IT security standards in Australia are failing because technologists are driving business decisions, according to Unisys e-security architecture director Ajoy Ghosh.
Stressing the right protections in an organisations are not just technologies but the implementation of standards and processes, Ghosh said technologists have a tendency to "play with toys, which is why organisations have so many firewalls."
"Firewalls alone are not protection; one in three intrusions occur when a firewall is in place," he said.
"IT managers need to assess risk without sensationalising some threats and ignoring others; I know from my days as an IT professional in the banking industry I just had to say virus and Internet in the same sentence to get the budget I wanted.
"There is a lot of spending in the wrong places; it is about [transposing] good corporate governance into e-business."
As a member of the National Office of Information Economy (NOIE) e-security co-ordination group, Ghosh is involved in the development of security standards with industry and guidelines to protect the National Information Infrastructure (NII).
He said security is essential for Australian business to profit from e-business. The sheer volume of transactions that will be undertaken in cyberspace in coming years makes it critical, he said.

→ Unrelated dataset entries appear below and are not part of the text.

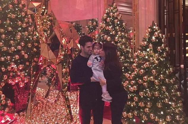 | Tiền vệ Cesc Fabregas chụp ảnh bên cây thông cùng bạn gái Daniella Semaan và con. Ảnh: Twitter |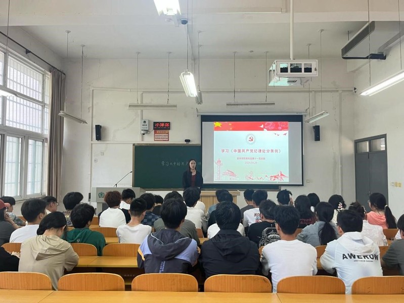 4月29日上午,软件学院本科生第十党支部在平原湖校区向学楼204教室召开党纪学习教育支部集中学习会,认真学习领会、贯彻落实新修订的《中国共产党纪律处分条例》,切实推动支部党员同志不断学纪、知纪、明纪、守纪。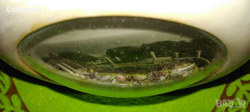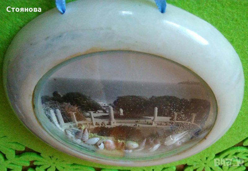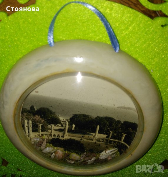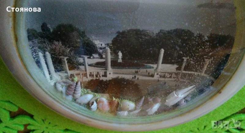 Сувенир от 60-те, 70-те години на ХХ век със снимка - изглед от централния вход на Морската градина на град Варна и декорация - естествени мидички и пясък, в много добро състояние.Цена 12 лева.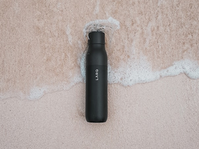 Stay refreshed with this sleek black bottle, featuring wave-inspired details and thermal insulation to keep your drinks cool all day long.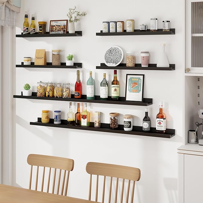 - Picture Wall Collage Decor: Do you have a lot of memorable photos, but don't know how to display them, our wood floating shelves are perfect for you! We offer 6 shelves, you can mix and match colors, height, length, and symmetry. With our long wall shelf set, your dull space will be transformed into wall art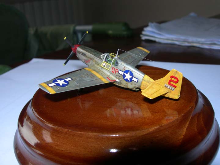 „Click photo for larger images.Manel Gallart from Barcelona (Spain) sent us photos of his P-51C Mustang. He furnished cockpit interior by himself and applied decals of an aircraft from 2nd FS, 52nd FG in Italy 1944 .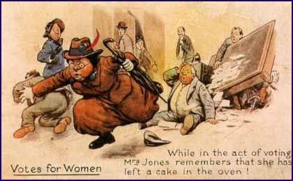 – Первым политически активным женщинам, попавшим в историю как суфражистки[7] – противостояло хорошо организованное и финансируемое анти-Суфражистское движение. Лидеры анти-суфражистов доказывали, что в действительности женщины не хотят голосовать, что они слишком некомпетентны и необразованны.

Surveys suggest only 3 per cent of computer attacks are detected and Ghosh believes the opportunity for damage and theft by cyber criminals is increasing all the time.
"By 2020 financial systems will be dominated by cyber criminals as the Internet will be the favoured weapon of attack," he said.
Ghosh said government and industry have to work together to ensure economies are protected against terrorism. The value of goods and services traded on the Internet is predicted to grow to $327 billion in 2002 according to Forrester research.
"Of three million sites tested worldwide about 80 per cent displayed a vulnerability that could be exploited by tools readily available on the Internet," he said.